Ethical statement
Eight to ten week-old CD1 mice were employed for laser capture microdissection (LCM) and transcriptional profiling, and for electrophysiological recordings. C57BL/6 mice expressing cytosolic GFP under the plp promoter [26] were kindly provided by Dr. W.B. Macklin (Aurora, Colorado), with the help of Dr. T. Misgeld (Munchen, Germany), and used for imaging. The proteolipid protein (plp) gene promoter drives the expression of one of the major components of myelin predominantly in oligodendrocytes, SCs and the enteric glia of the gut, both in embryonic and postnatal tissues. Originally created to label oligodendrocytes in the central nervous system, the plp-GFP mice employed in the present study express cytoplasmic GFP in both myelinating and non-myelinating SCs of the peripheral nerves [26]. Mice expressing the Tomato protein specifically in ChAT (choline acetyltransferase)-positive neurons were obtained by crossing the C57BL/6 ChAT-Cre knock-in mice line with C57BL/6 Rosa26.tdTomato mice (Jackson Laboratories). C57BL/6 mice (8–12 weeks) were also used. Mice were maintained under a 12-h light/12-h dark cycle, and kept under constant temperature. Water and food were available ad libitum, and mice were fed with regular chow. All surgical procedures were performed under general anaesthesia (a cocktail of xilazine (48 mg/kg) and zoletil (16 mg/kg) via intraperitoneal injections or via isoflurane as reported in [27]). Paralysis was restricted to one hind limb, and did not impair food or water intake.

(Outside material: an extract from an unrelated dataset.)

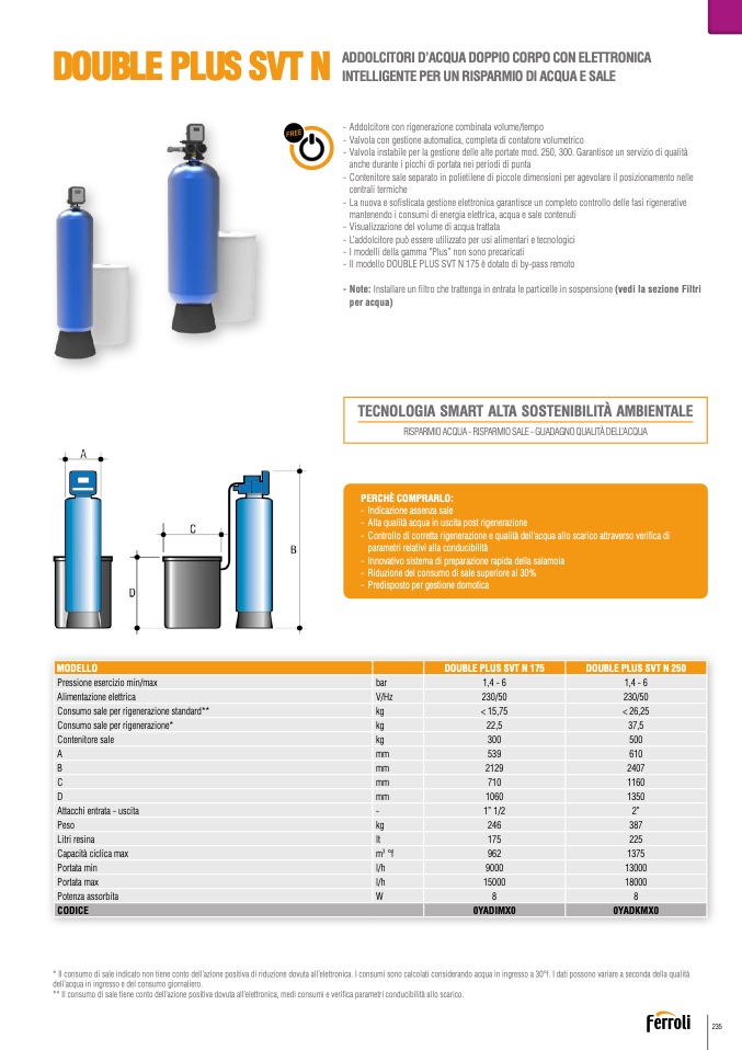 * Il consumo di sale indicato non tiene conto dell’azione positiva di riduzione dovuta all’elettronica. I consumi sono calcolati considerando acqua in ingresso a 30°f. I dati possono variare a seconda della qualit

All experimental procedures involving animals and their care comply with the ARRIVE guidelines. Procedures carried out in Italy were approved by the ethical committee and by the animal welfare coordinator of the OPBA from the University of Padua. All procedures are specified in the projects approved by the Italian Ministry of Health, Ufficio VI (authorisation numbers: 359/2015 PR; 81/2017 PR; 521/2018 PR; 439/2019 PR) and were conducted in accordance with National laws and policies (D.L. n. 26, March 14, 2014), following the guidelines established by the European Community Council Directive (2010/63/EU) for the care and use of animals for scientific purposes. Animals were handled by specialised personnel under the control of inspectors from the Veterinary Service of the Local Sanitary Service (ASL 16-Padua), who are the local officers of the Ministry of Health.

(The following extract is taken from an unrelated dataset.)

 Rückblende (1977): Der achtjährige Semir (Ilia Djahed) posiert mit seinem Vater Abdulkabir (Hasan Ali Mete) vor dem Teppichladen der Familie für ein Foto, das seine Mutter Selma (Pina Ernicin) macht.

Animal experiments in the United Kingdom were conducted in accordance with the European Community Council Directive of 24 November 1986 (86/609/EEC), under license from the UK Home Office in accordance with the Animals (Scientific Procedures) Act 1986, and were approved by the UCL Institute of Neurology Ethical Review Committee.
Toxins and antibodies
α-LTx (LSP-130) and µ-conotoxin GIIIB (C-270) were purchased from Alomone. α-LTx purity was checked by SDS–PAGE, and its neurotoxicity by ex vivo mouse nerve-hemidiaphragm preparations, as previously described [28]. BoNT/A (Xeomin) was from Merz. All other reagents were from Sigma unless stated otherwise.

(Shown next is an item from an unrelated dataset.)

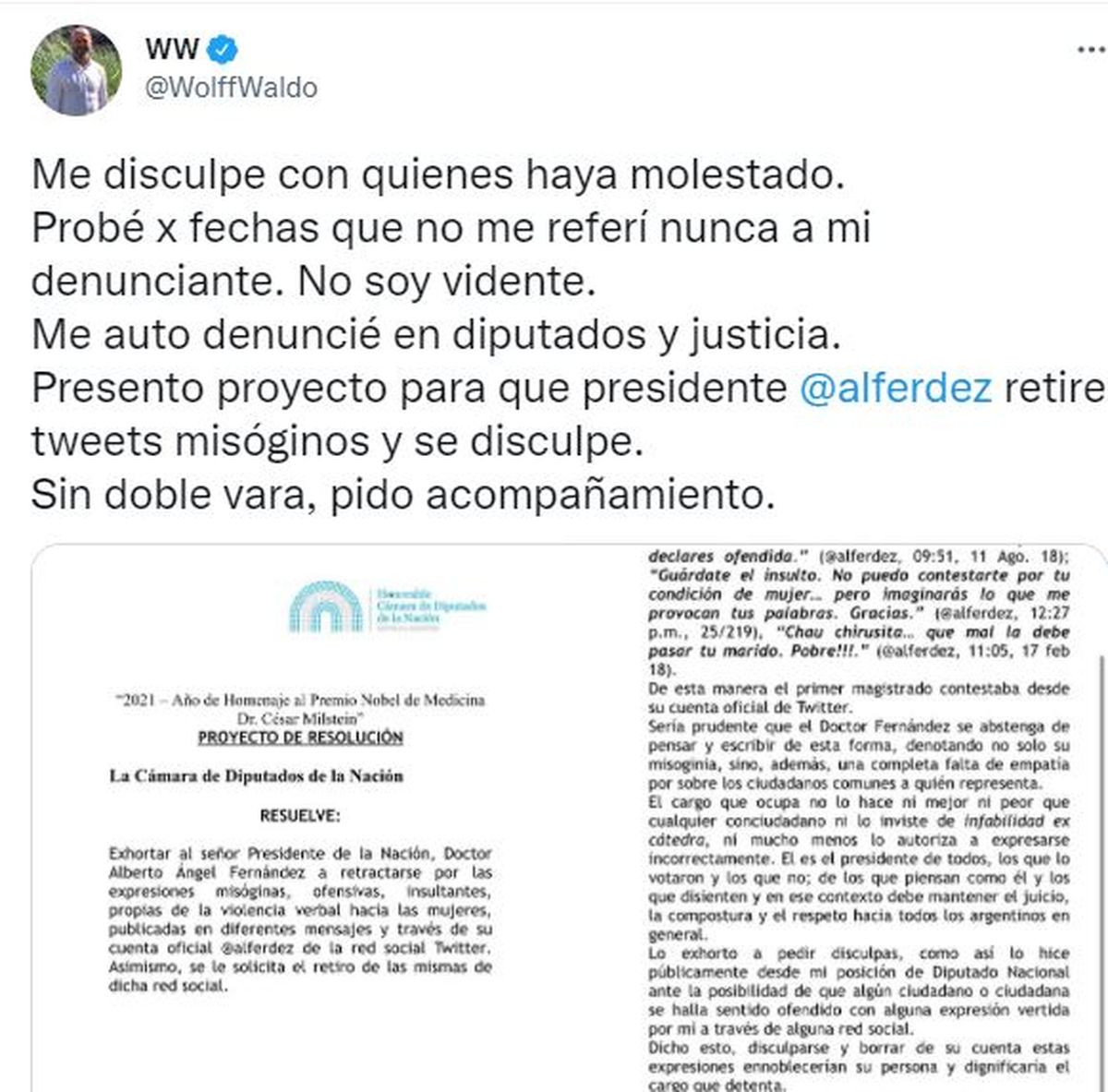 A través de Twitter, el diputado Waldo Wolff escribió: "Me disculpe con quienes haya molestado. Probé x fechas que no me referí nunca a mi denunciante(Florencia Peña) . No soy vidente. Me auto denuncié en diputados y justicia". Además agregó: "Presento proyecto para que presidente @alferdez retire tweets misóginos y se disculpe. Sin doble vara, pido acompañamiento".

Antibodies and fluorescent conjugates with relative dilutions: α-BTx AlexaFluor555 (B35451 Thermo Fisher, 1:200), anti-Ctgf neutralizing antibody (70R-CR023 Fitzgerald, 2 µg/40 µl), anti-Ctgf for immunostaining (ab6992 Abcam, 1:200), anti-S100 (Z0311 Dako, 1:400), anti-GAP43 (ab75810 Abcam, 1:200), anti-NF (ab4680 Abcam, 1:800), anti-VAMP1 [29], anti-SNAP25 (ab24737 Abcam, 1:200), anti-SNAP-25 BoNT/A-cleaved [30], anti-syntaxin 1A/1B [31], anti-YAP (13008S, Cell Signaling, 1:200). Secondary AlexaFluor-conjugated antibodies (1:200) were from Thermo Fisher. A list of antibodies and the relative description is provided as Additional file 9.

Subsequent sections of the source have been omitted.